Heatmap(as.matrix(t(scale(t(GlycoGeneTPM)))),col=col_tpm,
name = "z-score",row_names_gp=gpar(fontsize = 6),
height = unit(5, "cm"),width = unit(8, "cm"))
Let us try to group COVID19 samples and Healthy samples together. For this purpose we need to add the sample annotaion on the heatmap
library(circlize)
library(ComplexHeatmap)
# Define the color range
col_tpm = colorRamp2(c(2,1,0.5,0,-0.5,-1,-2),c("#ffff19","#99990f","#4c4c07","white","#203470","#3454b4","#4169e1"))
chrt=read.delim("Design.txt",row.names = 1)

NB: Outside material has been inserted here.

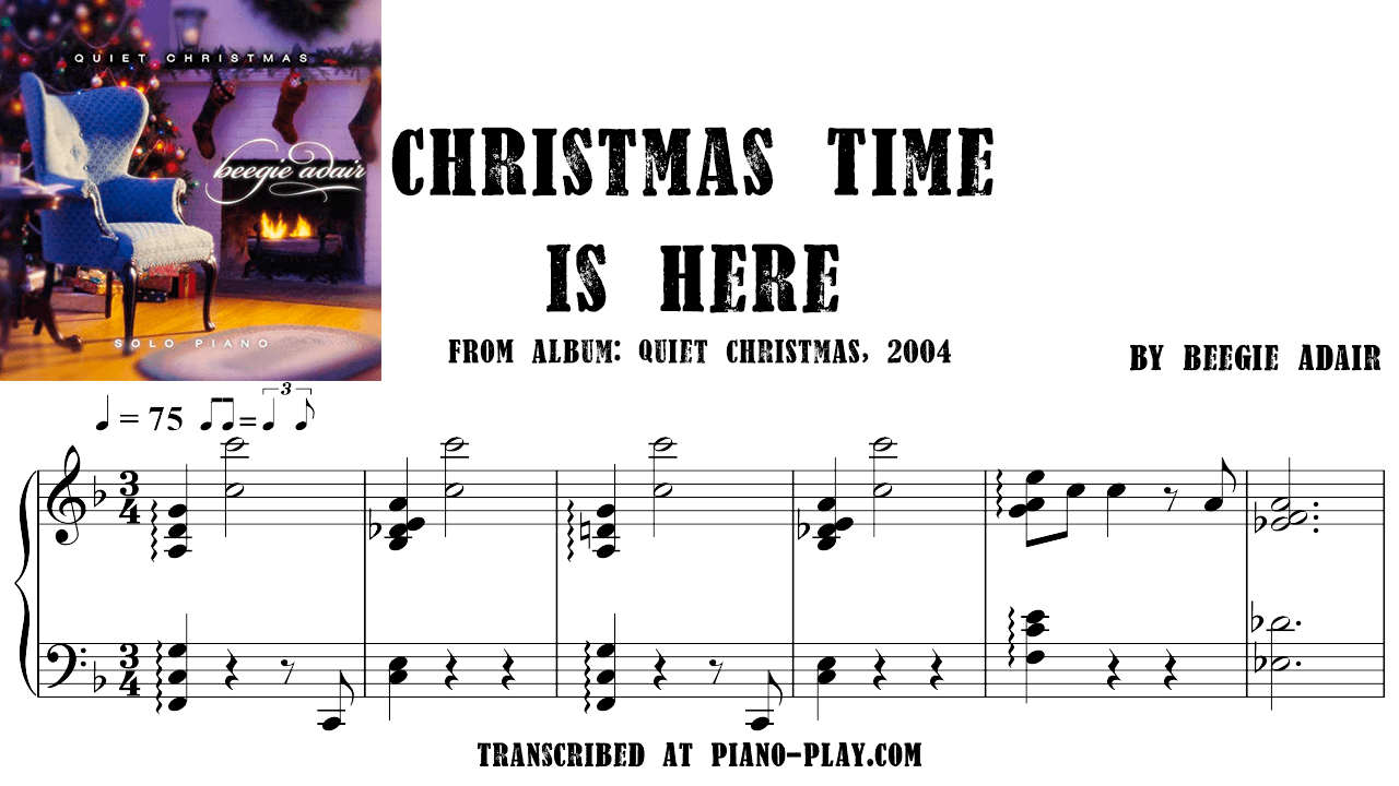 TITLE: Christmas Time Is Here INSTRUMENTATION: Jazz Piano Solo SOURCE: Quiet Christmas, 2004 DURATION: 2:40 TYPE: Transcription, Note-for-note, Sheet music, Score, Notes AVAILABLE: Online Download in PDF, MIDI, XML etc. ORIGINAL RECORDING: About the Transcription:The piano transcription Christmas Time Is Here of Beegie Adair is for left and right hand, note-for-note. Available by online download in several formats: PDF, MIDI, XML, SIB, MUS etc. This sheet music of Beegie Adair you can download on your PC and print in the real paper and playing at piano. This song we recommend for advanced piano musician who play the piano a long time. Also here you can see another Beegie Adair transcriptions which can help you to understand his piano music.

#Lets remove columns except Group.
chrt$Age=NULL
chrt$Gender=NULL
chrt$BMI=NULL
chrt_anno = HeatmapAnnotation(df = chrt, simple_anno_size = unit(0.2, "cm"),annotation_name_side = "left",
annotation_name_gp = gpar(fontsize = 0),
annotation_legend_param = list(grid_width = unit(0.3, "cm"),
grid_height = unit(0.3, "cm"),
title_gp = gpar(fontsize = 8),
labels_gp = gpar(fontsize = 8)),
col = list(Group=c("COVID19"="#ffa500","Healthy"="#4682b4")))
Heatmap(as.matrix(t(scale(t(GlycoGeneTPM)))),col=col_tpm,top_annotation = chrt_anno,
column_split = chrt$Group,
name = "z-score",row_names_gp=gpar(fontsize = 6),
height = unit(5, "cm"),width = unit(8, "cm"))
If you want to remove the sample IDs,
library(circlize)
library(ComplexHeatmap)
# Define the color range
col_tpm = colorRamp2(c(2,1,0.5,0,-0.5,-1,-2),c("#ffff19","#99990f","#4c4c07","white","#203470","#3454b4","#4169e1"))
chrt=read.delim("Design.txt",row.names = 1)
#Lets remove columns except Group.
chrt$Age=NULL
chrt$Gender=NULL
chrt$BMI=NULL
chrt_anno = HeatmapAnnotation(df = chrt, simple_anno_size = unit(0.2, "cm"),
col = list(Group=c("COVID19"="#ffa500","Healthy"="#4682b4")))
Heatmap(as.matrix(t(scale(t(GlycoGeneTPM)))),col=col_tpm,
top_annotation = chrt_anno,
column_split = chrt$Group,
name = "z-score",row_names_gp=gpar(fontsize = 6),
height = unit(5, "cm"),width = unit(8, "cm"),
show_column_names = FALSE)
What can be interpreted from the heatmap? Does it make sense?